3. Consent Obligation

Organisations must obtain consent before collecting, using, or disclosing personal data, unless exceptions apply.

SMEs should ask for consent before sending marketing messages, allow individuals to withdraw consent, and avoid pre-ticked boxes or forced consent.

Example. Before adding trainees to a WhatsApp broadcast list, you ask: “Do you consent to receive course reminders and updates from us?”

4. Purpose Limitation Obligation

Personal data can only be used for the purpose that was communicated. It cannot be used for unrelated purposes without fresh consent.

Example. A trainee provides details for course enrolment. You cannot later use the same data for marketing promotions without permission.

5. Accuracy Obligation

Organisations must ensure personal data is accurate and complete, especially before using it for official purposes.

Example.

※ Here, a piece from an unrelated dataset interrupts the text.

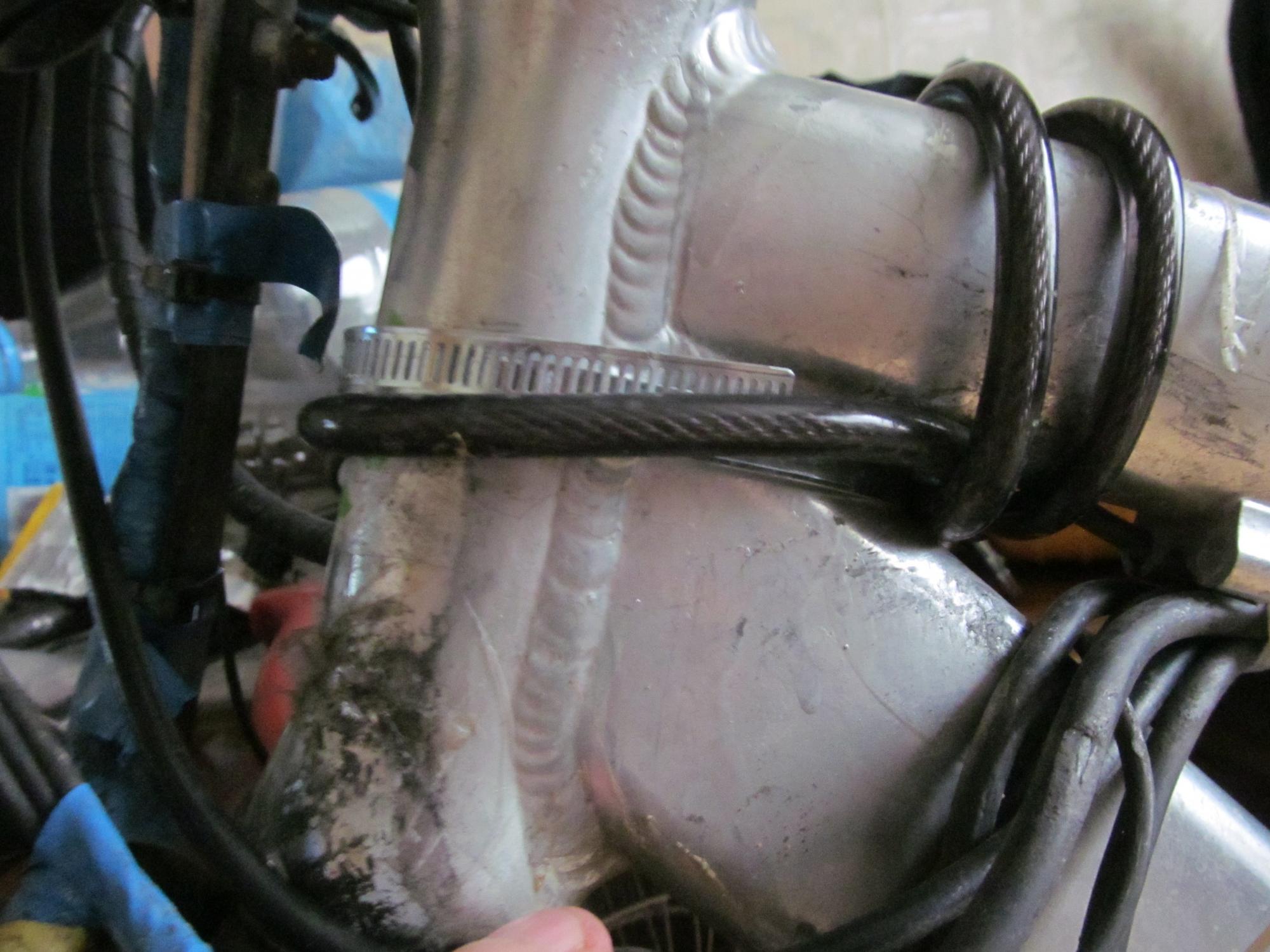 Я на своей алюминиевой раме и за передний, "рулевой" сварной шов беспокоюсь, хоть он значительно меньше нагружен чем середина рамы, но на всякий случай сделал на месте этого шва вот такую перевязку, "замковым тросом", чтоб если вдруг сломается резко, не сразу вниз мгновенно рухнуть, а было 1-2 секунды сгруппироваться при падении, кода рулевая зацепится на торосе. Хоть шов здесь, "весьма могучий".

Before issuing certificates, you verify the correct spelling of trainees’ names to prevent credential errors.

6. Protection Obligation

Organisations must implement reasonable security measures to protect personal data from unauthorised access, leaks, loss, or misuse.

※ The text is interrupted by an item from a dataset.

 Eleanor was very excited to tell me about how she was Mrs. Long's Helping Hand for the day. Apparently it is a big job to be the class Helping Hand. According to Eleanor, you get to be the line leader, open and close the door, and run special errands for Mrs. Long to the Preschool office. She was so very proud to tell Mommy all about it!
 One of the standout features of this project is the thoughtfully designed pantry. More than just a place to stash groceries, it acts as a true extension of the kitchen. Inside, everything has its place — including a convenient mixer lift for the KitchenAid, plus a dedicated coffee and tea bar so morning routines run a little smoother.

SMEs can use strong passwords, avoid shared logins, lock cabinets containing physical forms, limit access to authorised staff only, and avoid sending unencrypted files containing sensitive data.

Example. Registration forms are stored in a secure cloud system with restricted admin-only access.

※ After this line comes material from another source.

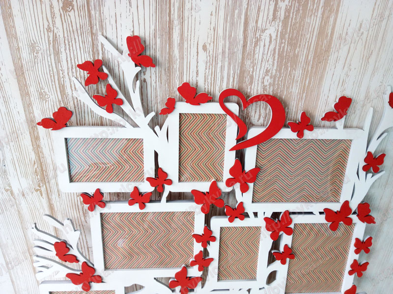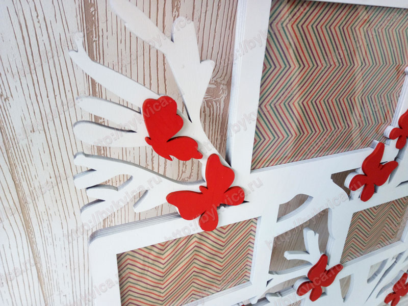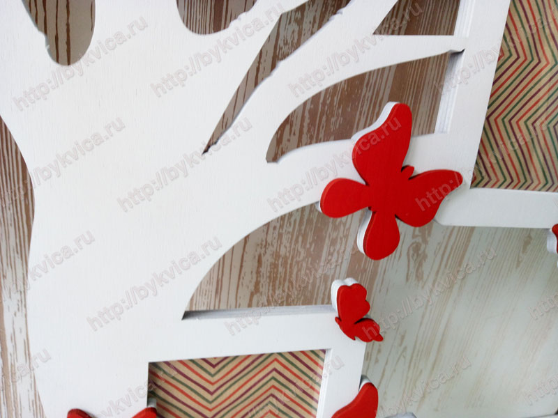 Рамка в виде дерева с бабочками и цветами. Большая настенная композиция для фотографий. Рамка изготовлена из нескольких слоев фанеры 6 мм. Рамка для фото выкрашена в белый цвет. Бабочки и другие элементы покрашены в ярко красный. Размер вставок для фотографий 10*15 см. Размер рамки в виде дерева 120*75 см. по Вашему желанию цвета рамки или элементов могут быть изменены. Так же советуем посмотреть другие рамки для фотографий. Для заказа просто нажмите на кнопку «Добавить в корзину» или «Купить в один клик».

7. Retention Limitation Obligation

Personal data should not be kept longer than necessary. Once the purpose is fulfilled, the data must be securely deleted or anonymised.

Example. After audit requirements are met, a training centre deletes old attendance records instead of keeping them indefinitely.

8. Transfer Limitation Obligation

If personal data is transferred outside Singapore, such as to overseas cloud servers or vendors, organisations must ensure comparable data protection standards are in place.

Example. Before using an overseas LMS provider, you verify that their platform follows strong data protection practices.

9. Access and Correction Obligation

Individuals have the right to request access to their personal data and correct inaccurate information. Organisations must respond within a reasonable timeframe.

Example. A trainee updates their phone number or email, and your admin promptly corrects the record.

10. Data Breach Notification Obligation

If a data breach occurs that may cause harm, such as exposure of names, NRIC numbers, or contact details, organisations must notify the Personal Data Protection Commission and affected individuals, usually within three calendar days.

Example. An admin accidentally emails a full trainee list containing NRIC numbers to the wrong recipient. This must be reported as a data breach.

11. Data Portability Obligation

Individuals may request their personal data to be transferred to another organisation in a structured, machine-readable format such as CSV or Excel.

Example. A corporate client requests employees’ training records for import into their HR system. You provide the data in a standard format for easy transfer.

Conclusion. PDPA Compliance Builds Trust and Protects Your Business

Complying with PDPA is not just about avoiding penalties. It helps your organisation build customer trust, protect sensitive information, operate more professionally, reduce the risk of data breaches, and improve internal processes.

PDPA compliance becomes manageable when broken down into simple steps. For SMEs, small and consistent actions can make a significant difference.